**Your goal**
The lines to transcribe begin with the one containing "Norit Activated Carbon" and end with the last line below; reproduce them exactly, without the pictures.

**Data excerpt**
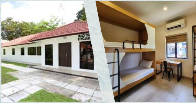
Yacht Club Bungalows (3 or 4 bedrooms, 191sqm)
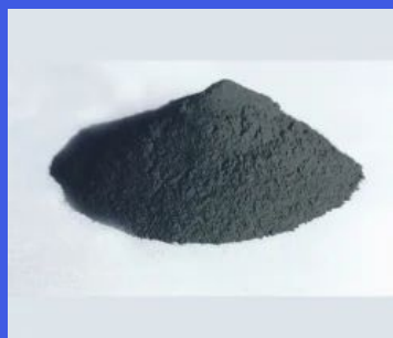
Norit Activated Carbon
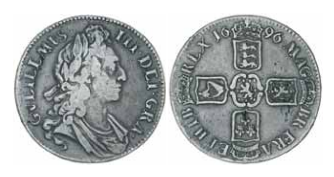
1543* William III, crown, first bust, 1696 octavo (S.3470). Toned fine/good fine. $200

**Task answer**
Norit Activated Carbon
1543* William III, crown, first bust, 1696 octavo (S.3470). Toned fine/good fine. $200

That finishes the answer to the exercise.